Mo., 14.05.2018

Handball: Kreisliga Versöhnlicher Abschluss

Vanessa Krude markierte zwei Tore beim überraschenden Sieg der Falken gegen Ibbenbüren. Es war ein versöhnlicher Abschluss einer durchwachsenen Saison..

Vanessa Krude markierte zwei Tore beim überraschenden Sieg der Falken gegen Ibbenbüren. Es war ein versöhnlicher Abschluss einer durchwachsenen Saison.. Foto: Heidrun Riese

Saerbeck - 

Damit hatten die Handballerinnen des SC Falke Saerbeck gar nicht gerechnet. Zum Abschluss der Saison zeigte die Mannschaft von Trainer André Buhla noch einmal eine starke Leistung und setzte sich überraschend gegen die Ibbenbürener SpVg durch. Die Kreisliga-Saison beschließt das Team auf dem fünften Tabellenplatz. Im Prinzip wäre für die Falken mehr möglich gewesen.

Bekanntlich kommt das Beste zum Schluss. Für die Kreisliga-Handballerinnen des SC Falke Saerbeck bewahrheitete sich dieses Sprichwort am Sonntagabend, als sie die Saison mit einem sensationellen 25:24 (12:13)-Heimsieg über die Ibbenbürener SpVg III beendeten. „Das war ein tolles Spiel“, fand Trainer André Buhla.

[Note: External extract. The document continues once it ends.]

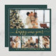 Happy New Year Script Green Gold 4 Photo Collage Holiday Card
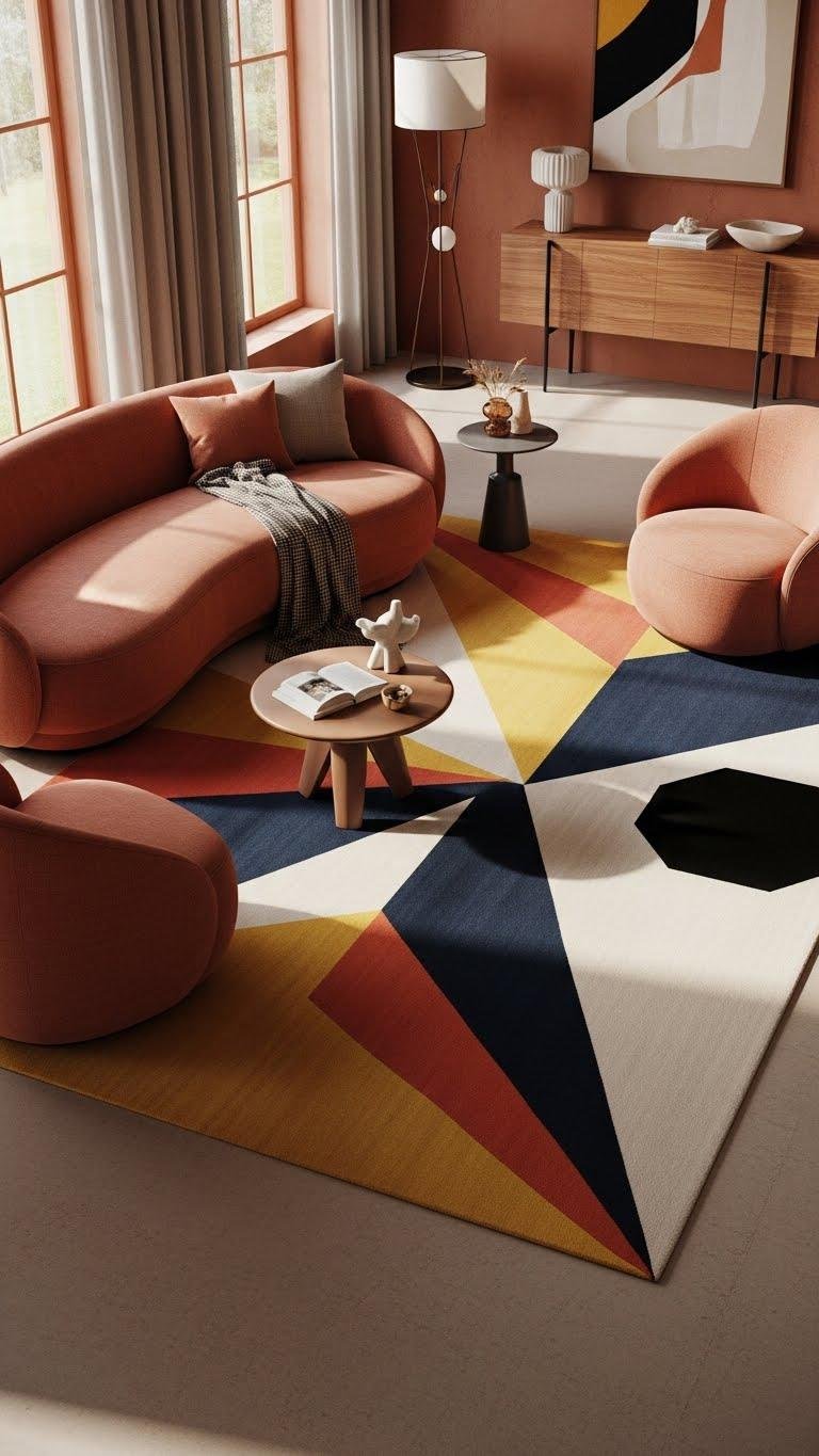 Why not lean into contrast? You’ll pair curved silhouettes with sharp graphic rugs to create electric geometric contrast that anchors free-spirited rooms.

Mit ihrer starken 4:2-Abwehr zogen die Gastgeberinnen dem Tabellenzweiten den Zahn. „Damit ist unser Gegner gar nicht klar gekommen“, freute sich der Falke-Coach, der seine Schützlinge direkt auf 5:0 (4.) davoneilen sah. „Das ging ab wie die Feuerwehr.“ Mit 7:2 (9.) und 10:5 (16.) hielten die Saerbeckerinnen diesen Vorsprung zunächst, mussten ihn im weiteren Verlauf der ersten Halbzeit jedoch einbüßen. Vor der Pause gelangen dem Heimteam nur noch zwei Treffer. Die energisch auftretende ISV-Dritte nutzte die Chance zur Aufholjagd, so dass es mit einem knappen 12:13-Rückstand für die Falke-Frauen in die Kabinen ging.

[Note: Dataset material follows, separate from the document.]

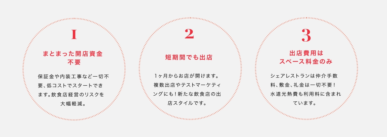 まずは、間借りでコツコツとファンを掴みませんか?ファンがいれば、借金も怖くはありません。 これから飲食店をはじめたい開業希望者は、「シェアレストラン」で月額定額で間借りすることができ、投資をせずに低リスクで飲食店を開業することができます。本サービスは、飲食店を通じ「低リスクで飲食店を開業したい利用者様」と「新しい仲間の募集に取り組みたいオーナー様」とをマッチングするプラットフォームです。

Die hatten nach dem Seitenwechsel erneut einen Lauf. Mit einer 7:1-Serie zum 19:14 (39.), inklusive einiger Tempogegenstöße, eroberten die Saerbeckerinnen ihre Fünf-Tore-Führung zurück. In dieser Phase waren sie auf beiden Seiten des Spielfeldes äußerst effektiv. Das wollten die Ibbenbürenerinnen nicht auf sich sitzen lassen und gaben alles, um die drohende Niederlage noch abzuwenden. Was auch fast gelang. Ab dem 21:20 (49.) saßen die Gäste den Falke-Frauen im Nacken, erzielten mit dem 24:24 (59.) sogar den Ausgleich. Doch der Tabellenfünfte trotzte dem Druck und Kreisläuferin Jessica Nienaber beförderte den Ball eiskalt zum 25:24-Endstand in den ISV-Maschen.

Falke-Frauen: Wickenbrock, Menebröcker - Nienaber (6/1), Hilbert (5), Möllerherm (5), Bringemeier (3), Krude (3), Plogmaker (2), Joanning (1), J. und L. Jochmaring, Grüter und Dahlmann.